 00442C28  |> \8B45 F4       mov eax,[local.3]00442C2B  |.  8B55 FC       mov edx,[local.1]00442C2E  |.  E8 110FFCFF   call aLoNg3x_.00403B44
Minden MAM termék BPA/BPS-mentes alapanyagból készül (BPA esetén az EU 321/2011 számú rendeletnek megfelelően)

...

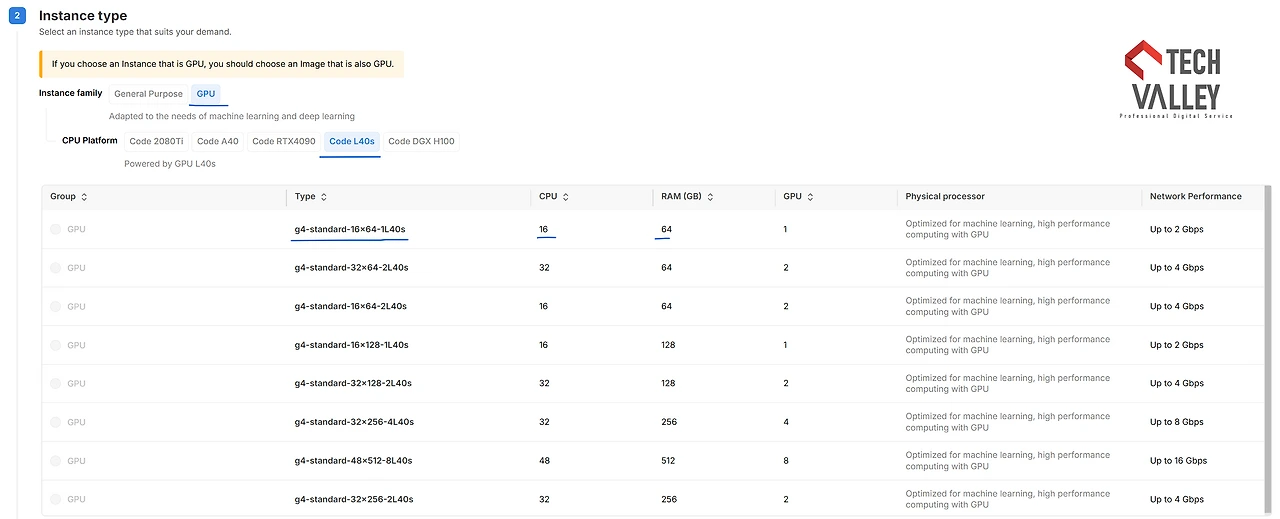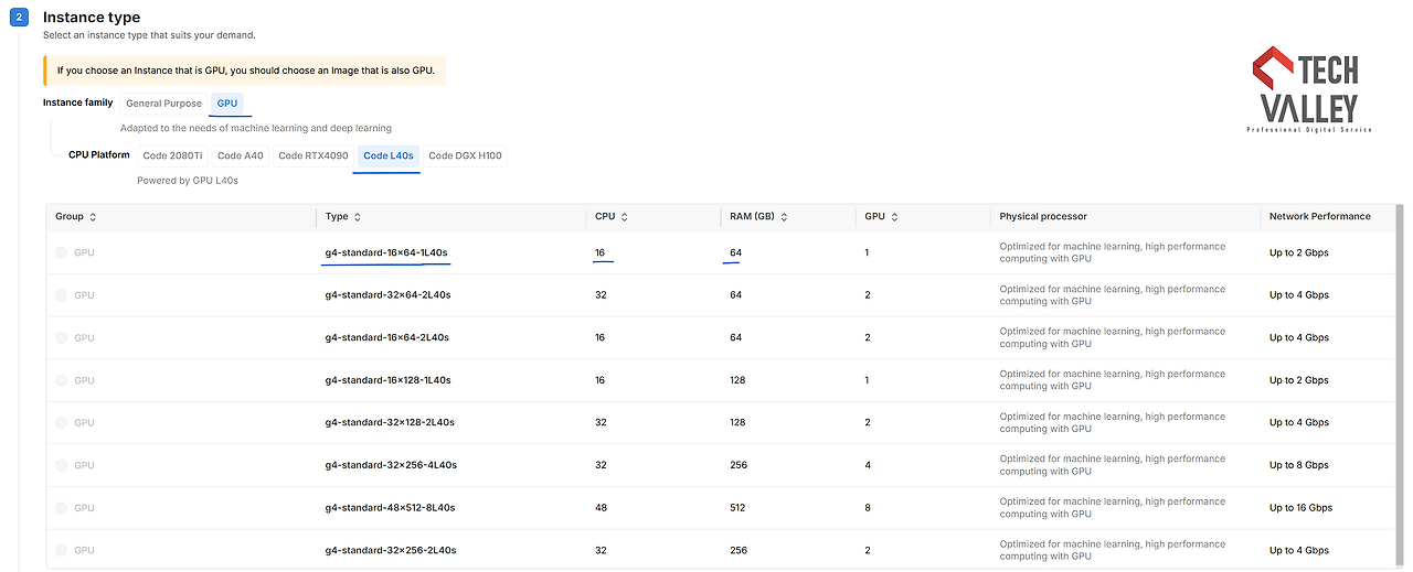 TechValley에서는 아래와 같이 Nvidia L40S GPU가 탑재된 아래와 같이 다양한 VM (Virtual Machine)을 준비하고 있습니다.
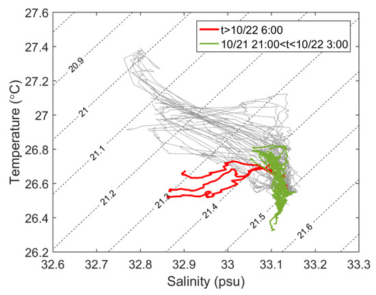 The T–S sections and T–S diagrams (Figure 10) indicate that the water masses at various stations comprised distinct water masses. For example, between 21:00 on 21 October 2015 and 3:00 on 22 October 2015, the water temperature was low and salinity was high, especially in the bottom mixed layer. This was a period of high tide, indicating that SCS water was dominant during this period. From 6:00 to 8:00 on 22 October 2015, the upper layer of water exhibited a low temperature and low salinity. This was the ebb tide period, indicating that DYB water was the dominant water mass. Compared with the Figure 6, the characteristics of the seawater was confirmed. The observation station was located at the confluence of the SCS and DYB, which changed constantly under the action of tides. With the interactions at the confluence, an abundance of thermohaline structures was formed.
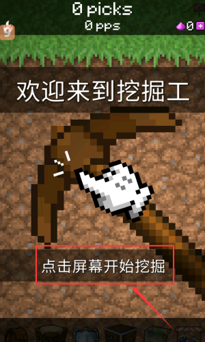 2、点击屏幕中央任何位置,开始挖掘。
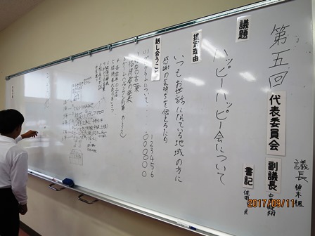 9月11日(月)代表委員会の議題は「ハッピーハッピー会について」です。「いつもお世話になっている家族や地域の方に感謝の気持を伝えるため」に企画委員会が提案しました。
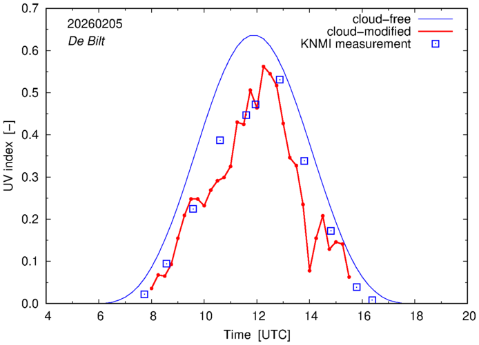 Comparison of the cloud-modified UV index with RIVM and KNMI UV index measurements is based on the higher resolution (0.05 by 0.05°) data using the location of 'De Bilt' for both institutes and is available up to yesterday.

* **What to work on**: Give the lines above again exactly, from the one containing "The T–S sections" to the one containing "Comparison of the", both included, but leave out the pictures.

* **Exercise response**:
 The T–S sections and T–S diagrams (Figure 10) indicate that the water masses at various stations comprised distinct water masses. For example, between 21:00 on 21 October 2015 and 3:00 on 22 October 2015, the water temperature was low and salinity was high, especially in the bottom mixed layer. This was a period of high tide, indicating that SCS water was dominant during this period. From 6:00 to 8:00 on 22 October 2015, the upper layer of water exhibited a low temperature and low salinity. This was the ebb tide period, indicating that DYB water was the dominant water mass. Compared with the Figure 6, the characteristics of the seawater was confirmed. The observation station was located at the confluence of the SCS and DYB, which changed constantly under the action of tides. With the interactions at the confluence, an abundance of thermohaline structures was formed.
 2、点击屏幕中央任何位置,开始挖掘。
 9月11日(月)代表委員会の議題は「ハッピーハッピー会について」です。「いつもお世話になっている家族や地域の方に感謝の気持を伝えるため」に企画委員会が提案しました。
 Comparison of the cloud-modified UV index with RIVM and KNMI UV index measurements is based on the higher resolution (0.05 by 0.05°) data using the location of 'De Bilt' for both institutes and is available up to yesterday.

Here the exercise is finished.